DATA SHOWN
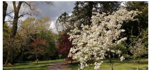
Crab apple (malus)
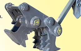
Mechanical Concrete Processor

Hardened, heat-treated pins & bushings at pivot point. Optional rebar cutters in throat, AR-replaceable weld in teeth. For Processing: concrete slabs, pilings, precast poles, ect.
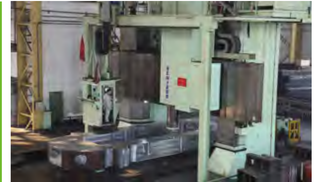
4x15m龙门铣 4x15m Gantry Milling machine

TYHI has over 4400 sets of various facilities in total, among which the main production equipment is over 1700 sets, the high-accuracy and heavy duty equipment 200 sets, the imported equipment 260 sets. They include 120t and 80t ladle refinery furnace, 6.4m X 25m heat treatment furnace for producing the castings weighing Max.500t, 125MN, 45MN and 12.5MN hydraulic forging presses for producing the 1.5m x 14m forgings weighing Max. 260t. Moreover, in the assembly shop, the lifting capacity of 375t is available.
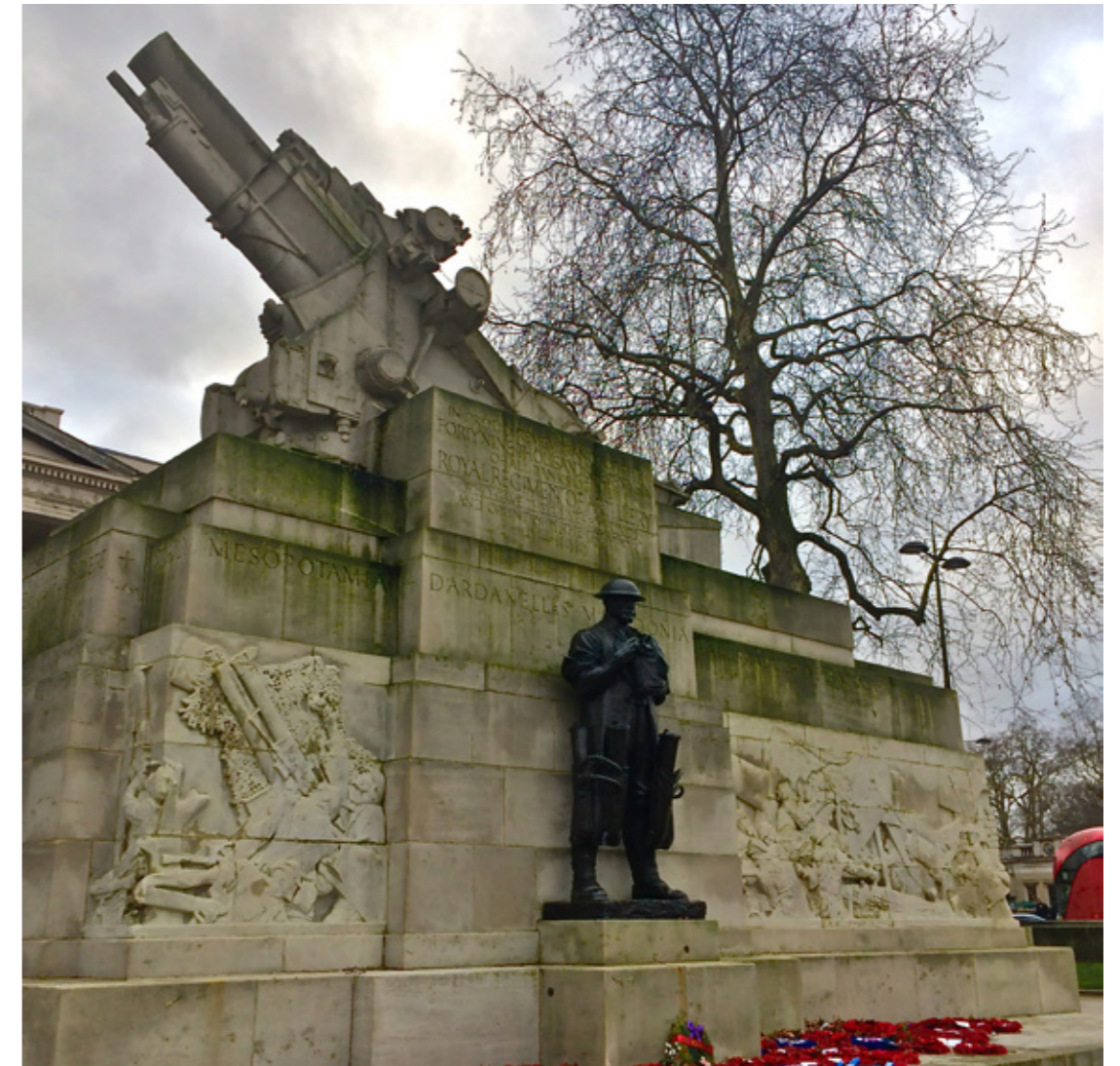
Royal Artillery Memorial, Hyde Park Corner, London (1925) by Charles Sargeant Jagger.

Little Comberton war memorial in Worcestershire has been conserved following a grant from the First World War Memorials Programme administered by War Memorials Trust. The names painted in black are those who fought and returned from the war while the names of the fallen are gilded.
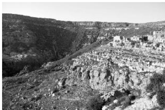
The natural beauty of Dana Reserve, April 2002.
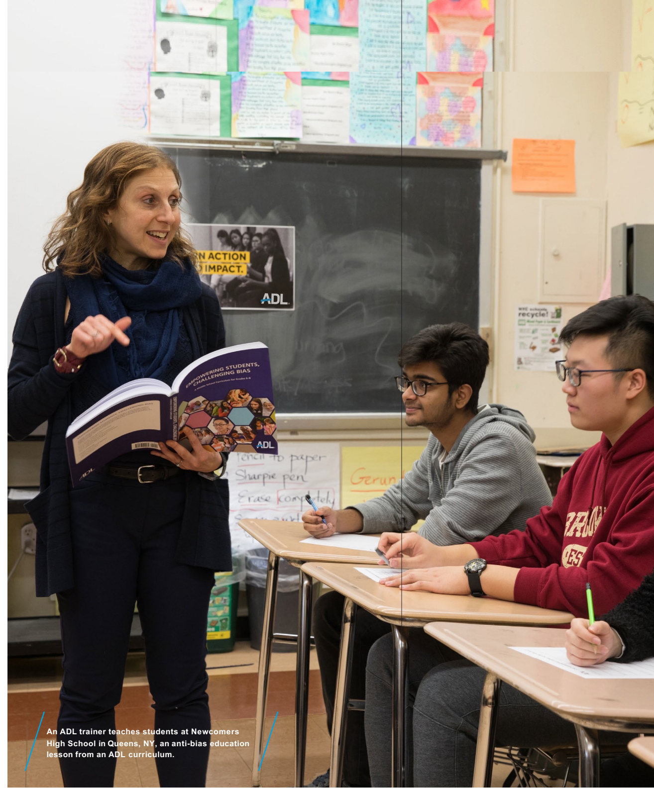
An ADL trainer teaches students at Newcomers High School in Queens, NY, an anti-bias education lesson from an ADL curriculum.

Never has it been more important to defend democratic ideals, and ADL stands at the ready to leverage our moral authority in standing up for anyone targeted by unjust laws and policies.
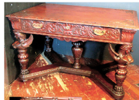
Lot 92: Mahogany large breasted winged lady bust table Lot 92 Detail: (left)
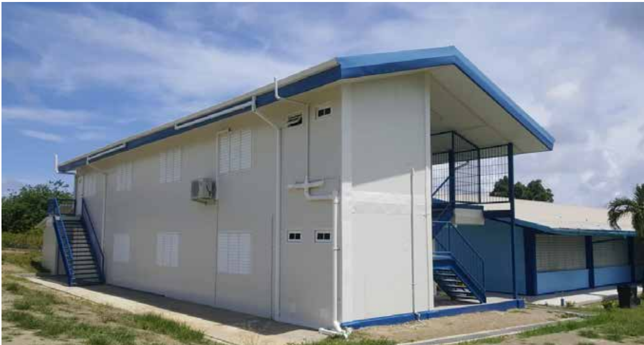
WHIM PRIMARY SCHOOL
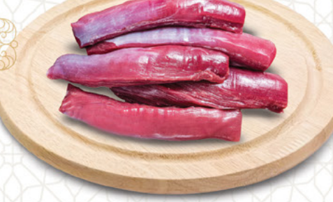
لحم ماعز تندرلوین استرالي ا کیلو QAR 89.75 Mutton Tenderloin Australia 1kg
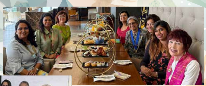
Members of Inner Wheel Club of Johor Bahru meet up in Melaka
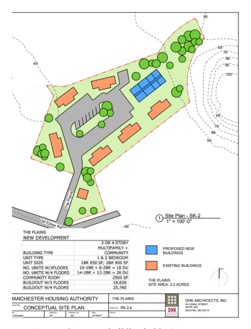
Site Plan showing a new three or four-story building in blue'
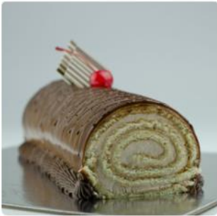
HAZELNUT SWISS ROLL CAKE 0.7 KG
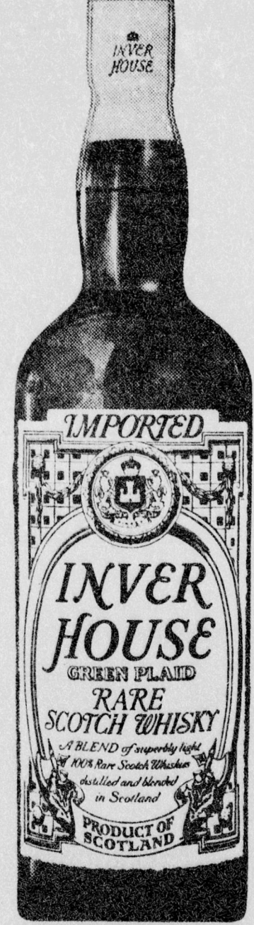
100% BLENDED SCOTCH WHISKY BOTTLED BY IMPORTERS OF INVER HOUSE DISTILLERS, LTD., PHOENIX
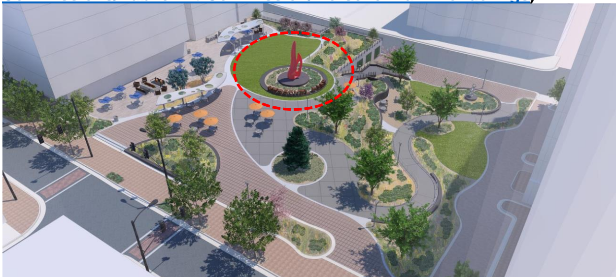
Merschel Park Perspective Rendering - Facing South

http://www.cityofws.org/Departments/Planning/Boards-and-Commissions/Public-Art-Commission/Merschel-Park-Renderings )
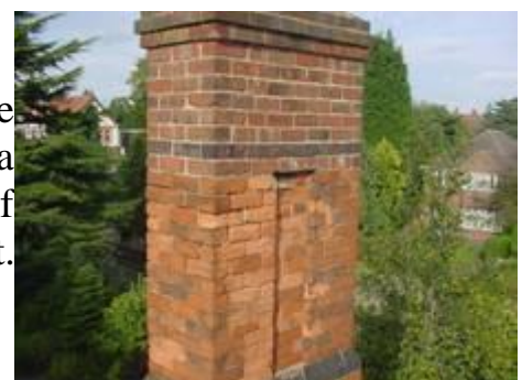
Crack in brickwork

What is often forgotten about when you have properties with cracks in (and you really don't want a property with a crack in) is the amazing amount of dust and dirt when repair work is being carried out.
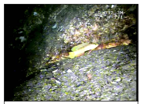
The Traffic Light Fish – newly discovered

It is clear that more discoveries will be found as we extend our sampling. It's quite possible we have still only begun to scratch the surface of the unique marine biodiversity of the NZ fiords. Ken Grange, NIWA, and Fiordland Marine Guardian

REQUIRED WORK
Return the listing verbatim; pictures are not part of the copy.

SOLUTION TO THE PROBLEM
Crab apple (malus)
Mechanical Concrete Processor

Hardened, heat-treated pins & bushings at pivot point. Optional rebar cutters in throat, AR-replaceable weld in teeth. For Processing: concrete slabs, pilings, precast poles, ect.
4x15m龙门铣 4x15m Gantry Milling machine

TYHI has over 4400 sets of various facilities in total, among which the main production equipment is over 1700 sets, the high-accuracy and heavy duty equipment 200 sets, the imported equipment 260 sets. They include 120t and 80t ladle refinery furnace, 6.4m X 25m heat treatment furnace for producing the castings weighing Max.500t, 125MN, 45MN and 12.5MN hydraulic forging presses for producing the 1.5m x 14m forgings weighing Max. 260t. Moreover, in the assembly shop, the lifting capacity of 375t is available.
Royal Artillery Memorial, Hyde Park Corner, London (1925) by Charles Sargeant Jagger.

Little Comberton war memorial in Worcestershire has been conserved following a grant from the First World War Memorials Programme administered by War Memorials Trust. The names painted in black are those who fought and returned from the war while the names of the fallen are gilded.
The natural beauty of Dana Reserve, April 2002.
An ADL trainer teaches students at Newcomers High School in Queens, NY, an anti-bias education lesson from an ADL curriculum.

Never has it been more important to defend democratic ideals, and ADL stands at the ready to leverage our moral authority in standing up for anyone targeted by unjust laws and policies.
Lot 92: Mahogany large breasted winged lady bust table Lot 92 Detail: (left)
WHIM PRIMARY SCHOOL
لحم ماعز تندرلوین استرالي ا کیلو QAR 89.75 Mutton Tenderloin Australia 1kg
Members of Inner Wheel Club of Johor Bahru meet up in Melaka
Site Plan showing a new three or four-story building in blue'
HAZELNUT SWISS ROLL CAKE 0.7 KG
100% BLENDED SCOTCH WHISKY BOTTLED BY IMPORTERS OF INVER HOUSE DISTILLERS, LTD., PHOENIX
Merschel Park Perspective Rendering - Facing South

http://www.cityofws.org/Departments/Planning/Boards-and-Commissions/Public-Art-Commission/Merschel-Park-Renderings )
Crack in brickwork

What is often forgotten about when you have properties with cracks in (and you really don't want a property with a crack in) is the amazing amount of dust and dirt when repair work is being carried out.
The Traffic Light Fish – newly discovered

It is clear that more discoveries will be found as we extend our sampling. It's quite possible we have still only begun to scratch the surface of the unique marine biodiversity of the NZ fiords. Ken Grange, NIWA, and Fiordland Marine Guardian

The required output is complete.